- Type: Naval gun
- Place of origin: German Empire

Service history
- In service: 1904–1918
- Used by: Austria-Hungary
- Wars: World War I

Production history
- Designer: Krupp
- Designed: 1897
- Manufacturer: Škoda
- Produced: 1904
- Variants: Škoda 24 cm L/40 K/01

Specifications
- Mass: K97: 28.3 t (31.2 short tons) K/01: 28.6 t (31.5 short tons)
- Length: 9.6 m (31 ft 6 in)
- Barrel length: 8.8 m (28 ft 10 in)
- Shell: Separate loading cased charges and projectiles
- Shell weight: 229 kg (505 lb)
- Caliber: 24 cm (9.4 in) 40 caliber
- Breech: Horizontal sliding-wedge
- Recoil: Hydro-pneumatic
- Elevation: -4° to +20°
- Traverse: -130° to +130°
- Rate of fire: K97: 2 rpm K/01: 2.5 rpm
- Muzzle velocity: K97: 705 m/s (2,310 ft/s) K/01: 725 m/s (2,380 ft/s)
- Maximum firing range: 12 km (7.5 mi) at +16.25°

= Škoda 24 cm L/40 K97 =

The Škoda 24 cm L/40 K97 was an Austro-Hungarian naval gun developed in the years before World War I that armed a class of pre-dreadnought battleships and armored cruisers of the Austro-Hungarian Navy.
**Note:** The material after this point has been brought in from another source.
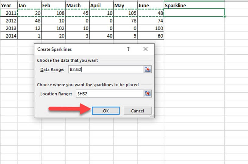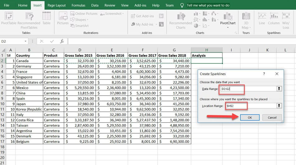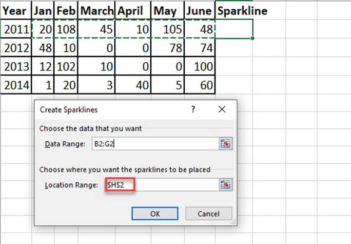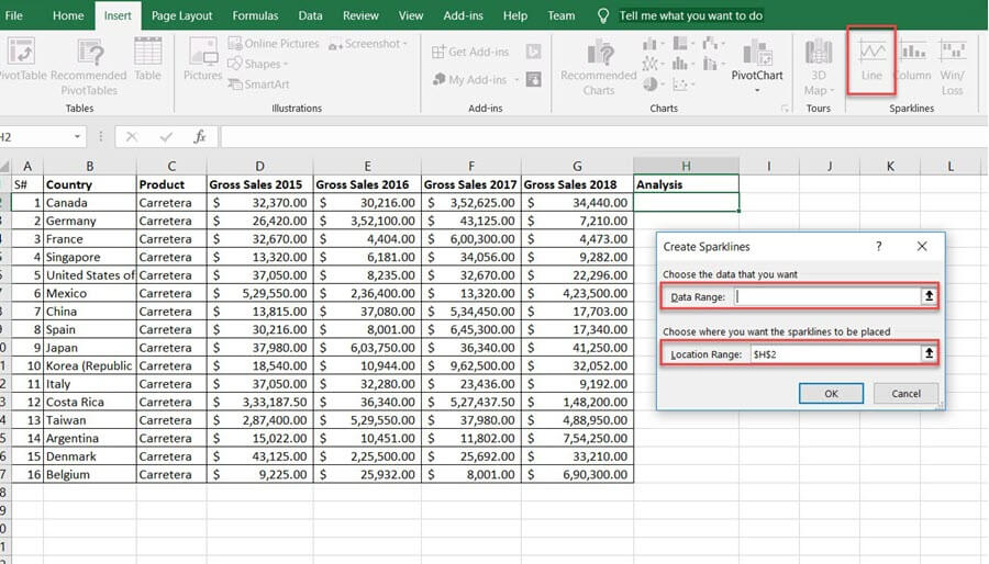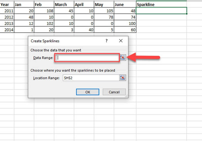 步骤 3) 选择您要插入的迷你图类型之一。它会要求您输入单元格范围。从可用的迷你图类型中选择线条类型。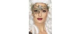 Demi masque en filigrane doré en métal orner de pierre diamanté pour adulte en vente.

The actual bore diameter was 23.8 cm, but the classification system for artillery rounded up to the next highest centimeter.

==History==
The origins of the Škoda 24 cm L/40 K97 lay in an earlier gun designed and built by the Krupp company in Germany. In 1894 Krupp designed the 24 cm SK L/40 and started production in 1898 for the Imperial German Navy's pre-dreadnought battleships and armored cruisers. Krupp produced a variant of the 24 cm SK L/40 for the Austro-Hungarian Navy called the 24 cm L/40 K94 which armed their armored cruiser SMS Kaiser Karl VI, the pre-dreadnought Habsburg-class battleships and the Monarch-class coastal defense ships. In 1897 Škoda bought a production license from Krupp and began production in 1904 at the Škoda Works in Plzeň of the Škoda 24 cm L/40 K97 and later the Škoda designed 24 cm L/40 K/01. Both Germany and Austria-Hungary developed their own ammunition with differing weights and lengths, however their ballistic performance was similar.

==Construction==
The 24 cm SK L/40 was the first large caliber German naval gun to use a Krupp horizontal sliding-wedge breech block and separate loading metallic cased propellant charges and projectiles. Unlike other large naval guns of the time which used separate loading bagged charges and projectiles, this gun used charges inside of a brass cartridge case to provide obturation. It is believed that the K94 and the K97 were both constructed of A tube, three layers of reinforcing hoops and a jacket.

==Naval artillery==
The Škoda 24 cm L/40 K97 was the primary armament of the Erzherzog Karl-class of pre-dreadnought battleships of the Austro-Hungarian Navy. The Krupp built K94 guns of the unique armored cruiser SMS Kaiser Karl VI were later replaced with Škoda built K97 guns during a refit in 1916. While the Škoda designed 24 cm L/40 K/01 armed the unique armored cruiser SMS Sankt Georg.

Ship details:
- Erzherzog Karl-class - The three ships of this class had a primary armament of four guns, which were mounted in two twin gun turrets, one fore and one aft of the central superstructure.
- SMS Kaiser Karl VI - This ship had a primary armament of two K94 guns later replaced with K97 guns, which were mounted in two single gun turrets, one fore and one aft of the central superstructure.
- SMS Sankt Georg - This ship had a primary armament of two Škoda designed 24 cm L/40 K/01 guns, which were mounted in two single gun turrets, one fore and one aft of the central superstructure.

==Bibliography==
- Friedman, Norman (2011). "Naval Weapons of World War One"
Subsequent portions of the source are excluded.